Этот «естественный эгоизм» в итоге и самую тему Каратаева делает чем-то отдельным, независимым от Пьера, не полностью совпадающим с индивидуальностью Пьера. Не случайно эта страшная сцена происходит в самый канун освобождения — это трагически напрягает ее смысл. Пьер, как живая, конкретная индивидуальность, заключает в себе не только необыкновенно притягательное для него «каратаевское начало», но и иные, более деятельные начала, представленные, скажем, в тех людях партизанского отряда, которые освобождают его из плена. Тема деятельных начал в партизанском отряде перекликается с эпилогом, подготовляет его философские темы. Связующим звеном является здесь не случайно образ Пьера. Смысл всего этого композиционного расположения эпизодов состоит в том, что тема Каратаева не есть единая, целостная, поглощающая все содержание финальных эпизодов романа тема. Она не покрывает собой также всего душевного содержания образа Пьера. Каратаев — необычайно важная, но не исчерпывающая тема всего этого содержания, а лишь одна из частных, единичных тем в общей концепции романа; только в единстве и в соотношениях многих разных тем содержится многозначный, широкий общий смысл этой концепции. В плане единства лиц-персонажей в романе Каратаев — не идеальный герой, в свете которого выравниваются, выстраиваются все другие герои; в нем воплощена некая жизненная возможность, отнюдь не исчерпывающая всех других возможностей, столь же важных и значимых, с точки зрения общего осмысления русской жизни изображаемой эпохи (а также и современности) Толстым.
Платон Каратаев как образ реальной действительности.
Толстой был одним из немногих писателей, у которых религия была сознательным убеждением, существенной чертой идеологии. «Война и мир» писалась в период, когда эта черта выступала у Толстого в формах, наиболее близких к традиции. Несомненно, что этому способствовало его полемическое отношение к материализму революционной демократии. Полемика заостряла взгляды писателя, укрепляла его на патриархальных позициях. Религия в этот период была для Толстого не одной из идей, а проникала его идеологию во многих ее разветвлениях.

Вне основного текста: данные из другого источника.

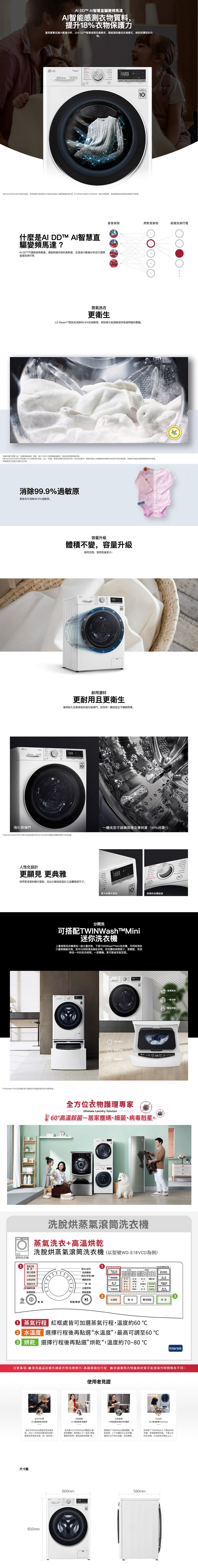 • -5種蒸氣洗衣行程:標準/強力/嬰兒衣物/高溫去汙/過敏防護

В «Войне и мире» почти нет моментов в этом отношении, нейтральных. Формы жизни великосветской знати осуждены как явление социальное, но это осуждение мотивируется в сознании Толстого и в плане религиозном, жизнь знати в конечном итоге оценивается им как явление порочное, греховное. Патриотический подвиг народа есть выражение высокого национального самосознания, народного единства, но Толстой показывает его также и как выражение высшего религиозно-нравственного совершенства. Герой романа преодолевает свой индивидуализм, приближается к народному сознанию, но для автора это, одновременно, религиозный подвиг заблудшей души, возвращение к правде духовной, забытой господствующим классом, но сохраненной в народной памяти. Казалось бы, в силу этих особенностей роман должен стать тенденциозным, должен искажать действительность в угоду полемическим взглядам автора. Однако это не так: в романе нет отступлений от исторической или психологической правды. Чем объясняется такое противоречие? — Какова бы ни была субъективная идея Толстого, в его творчестве решающим критерием всегда является реальная действительность. Субъективная идея как второй план может сопровождать повествование, может давать ему иногда тон и окраску, но она не проникает в изображение, если для этого нет оснований в реальной действительности. Несомненно, что Толстой отбирал в изображаемой эпохе характеры, соответствовавшие его религиозным взглядам, но постольку, поскольку они были исторически верны (княжна Марья, няня Савишна, Каратаев).